By the time the median nerve reaches the carpal tunnel, it is arriving under chronic traction from multiple proximal tethering sites. The nerve is less mobile than it should be. Research using dynamic ultrasound, reviewed systematically by Huang and colleagues in 2022, has demonstrated measurably reduced median nerve mobility in CTS patients, supporting the concept that impaired nerve gliding and tissue tethering contribute meaningfully to symptoms alongside static wrist compression.

The carpal tunnel, in this sequence, is the last pinch point on an already compromised nerve. Releasing that pinch without addressing what has been loading the nerve from above may produce temporary relief, but the underlying traction mechanism remains active.

Ulnar Neuritis Follows the Same Logic

The ulnar nerve, which supplies the little finger and ring finger and originates from C7 through T1, follows a parallel course through the same cervical and thoracic outlet territory. Ulnar neuritis, in which the nerve is entrapped at the elbow, shows the same pattern of proximal contribution seen in CTS.

A case-control study by Smith and colleagues published in the Clinical Journal of Sport Medicine found that cyclists with clinical ulnar nerve neuropathy had significantly more proximal dysfunction findings: neck pain was approximately three times more common, shoulder pain five times more common, and elevated first rib findings twelve times more common compared to controls without ulnar symptoms. The proximal pattern was consistent and significant.

In the neuromyofascial model, ulnar neuritis frequently involves contractures and trigger points in the latissimus dorsi and triceps muscles that create traction on the ulnar nerve as it transitions toward the elbow. Addressing these upstream contributors alongside the local elbow entrapment is what determines whether recovery is complete or partial.

When Surgery Is and Is Not Sufficient

Surgical carpal tunnel release remains appropriate and necessary in cases where the nerve compression at the wrist is severe, where there is significant motor loss or muscle wasting, or where the condition is acute and progressive. The clinical literature does not support delaying surgery in urgent presentations.

What the literature does support, and what clinical observation at the NMF Science clinic has consistently demonstrated, is that many less severe or recurrent CTS presentations have a significant proximal component that surgery at the wrist alone will not resolve. In those cases, targeted neuromyofascial investigation of the cervical spine, thoracic outlet, shoulder girdle, and forearm identifies the tethering sites loading the median nerve from above.
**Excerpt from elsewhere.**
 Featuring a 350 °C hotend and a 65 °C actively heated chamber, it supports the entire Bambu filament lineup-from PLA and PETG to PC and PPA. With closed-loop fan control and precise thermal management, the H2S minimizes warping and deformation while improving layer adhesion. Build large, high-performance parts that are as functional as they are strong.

Through TNPC, addressing those sites reduces the chronic traction on the nerve, allowing the carpal tunnel itself to decompress without the sustained abnormal tension that produced the original entrapment.
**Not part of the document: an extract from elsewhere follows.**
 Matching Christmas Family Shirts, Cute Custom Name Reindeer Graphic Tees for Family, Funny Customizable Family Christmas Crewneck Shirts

The wrist is where the symptoms are. The neck, in many cases, is where the problem began.


The information in this article is educational and informational in nature. It is not intended as a substitute for professional medical advice, diagnosis, or treatment. If you are experiencing symptoms of carpal tunnel syndrome or upper limb nerve pain, consult with a qualified healthcare provider to discuss the diagnostic and treatment options appropriate for your situation.